Your task
Please, without any pictures, set down exactly the part of the listing below that opens with the line containing "In the Sharing" and closes with the line containing "Черные фиксаторы для".

Records shown

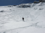 Im oberen nordseitigen Hang des Schärhorn Stollenbildung auf den Skifellen. Aufstieg grösstenteils ohne Harscheisen möglich. Ab Skidepot Gipfelaufstieg problemlos bei gutem Trittschnee. Steigeisen nicht nötig. Abfahrt bei sehr guten Verhältnissen im oberen Teil, ebenfalls Steilflanke gut befahrbar. Im unteren Teil war die Schneedecke bereits etwas aufgeweicht. Gegenanstieg und Querung zum Klausenpass mit Fellen auf den Skis.
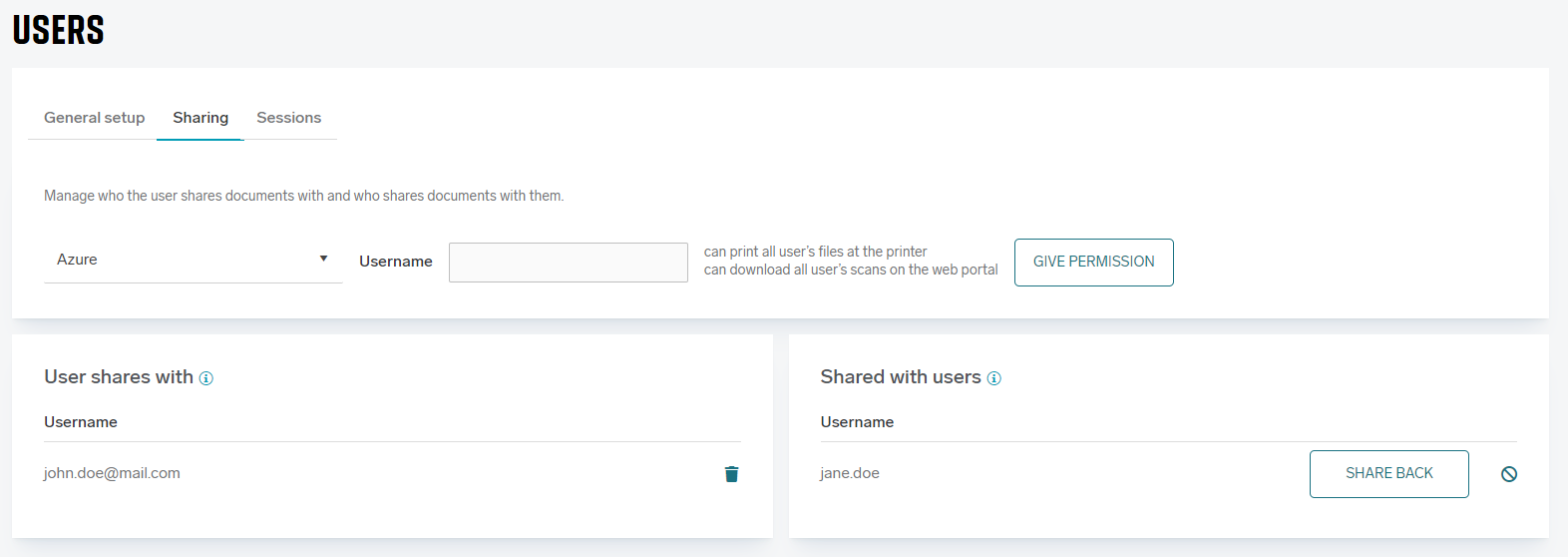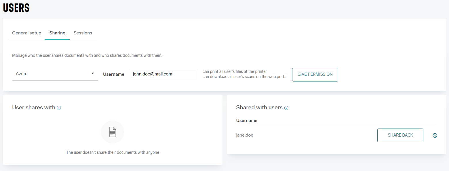In the Sharing tab you can, while editing the user, add sharing permission to other users, so they can see and print/download this user documents/scans.
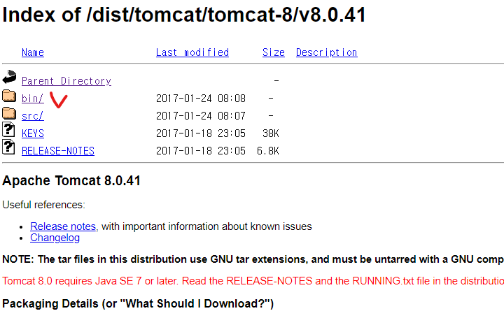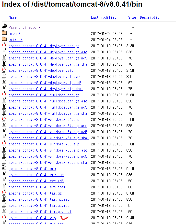 저는 톰캣사이트에 없는 8.0.41 버전을 다운받으려합니다.
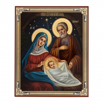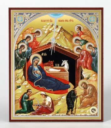 Икона на деревянном планшете 11х13 двойное тиснение (18мм), БЗГ, упаковка Рождество Христово 39
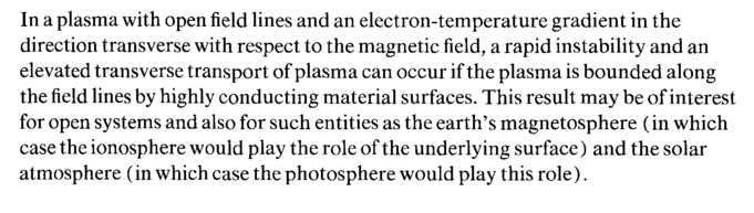 In a plasma with open field lines and an electron-temperature gradient in the direction transverse with respect to the magnetic field, a rapid instability and an elevated transverse transport of plasma can occur if the plasma is bounded along the field lines by highly conducting material surfaces. This result may be of interest for open systems and also for such entities as the earth's magnetosphere (in which case the ionosphere would play the role of the underlying surface) and the solar atmosphere (in which case the photosphere would play this role).
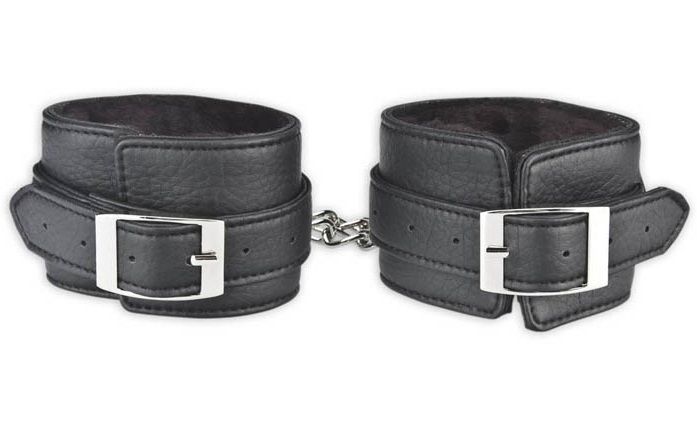 Черные фиксаторы для ног из искусственной кожи с мягким черным мехом внутри для большего комфорта при сковывании Вашего партнера. Между собой браслеты соединяются металлической цепью с крупными звеньями, застегиваются на замок с ключами (есть в комплекте). One size.
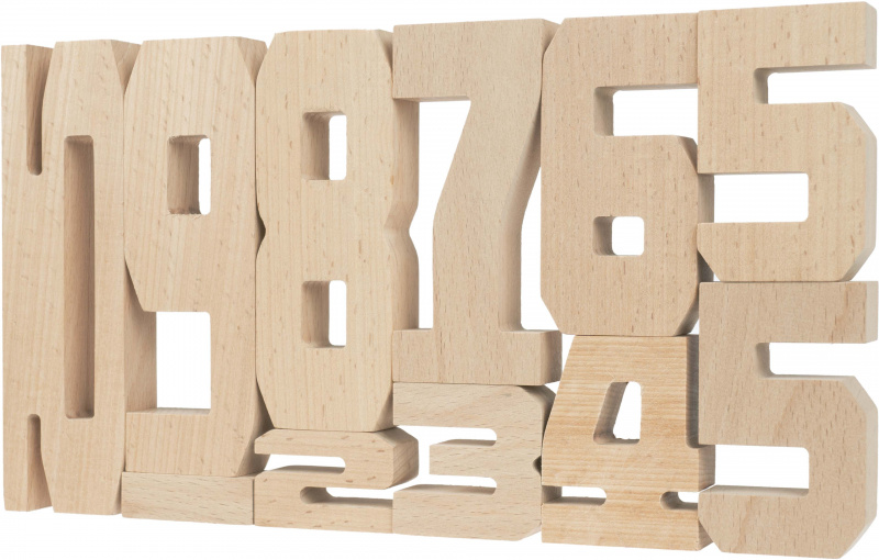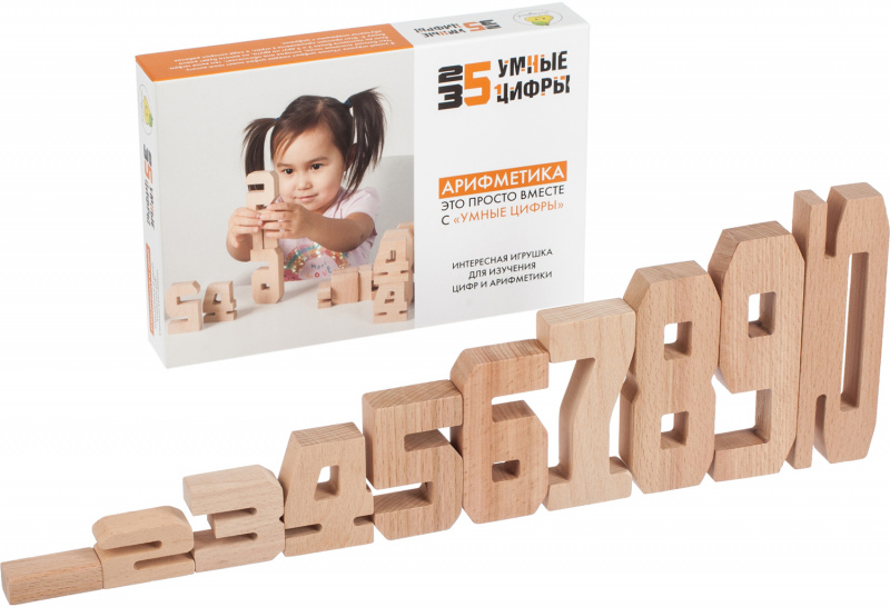 Это специальный конструктор, который целиком состоит из больших деревянных цифр. Такая концепция сама по себе очень хороша: ребёнок видит, например, единицу и понимает, что это – цифра. Исчезает самый главный барьер, не нужно представлять себе какую-то абстракцию и увязывать знакомые предметы с незнакомыми терминами.

Expected answer
In the Sharing tab you can, while editing the user, add sharing permission to other users, so they can see and print/download this user documents/scans.
 저는 톰캣사이트에 없는 8.0.41 버전을 다운받으려합니다.
 Икона на деревянном планшете 11х13 двойное тиснение (18мм), БЗГ, упаковка Рождество Христово 39
 In a plasma with open field lines and an electron-temperature gradient in the direction transverse with respect to the magnetic field, a rapid instability and an elevated transverse transport of plasma can occur if the plasma is bounded along the field lines by highly conducting material surfaces. This result may be of interest for open systems and also for such entities as the earth's magnetosphere (in which case the ionosphere would play the role of the underlying surface) and the solar atmosphere (in which case the photosphere would play this role).
 Черные фиксаторы для ног из искусственной кожи с мягким черным мехом внутри для большего комфорта при сковывании Вашего партнера. Между собой браслеты соединяются металлической цепью с крупными звеньями, застегиваются на замок с ключами (есть в комплекте). One size.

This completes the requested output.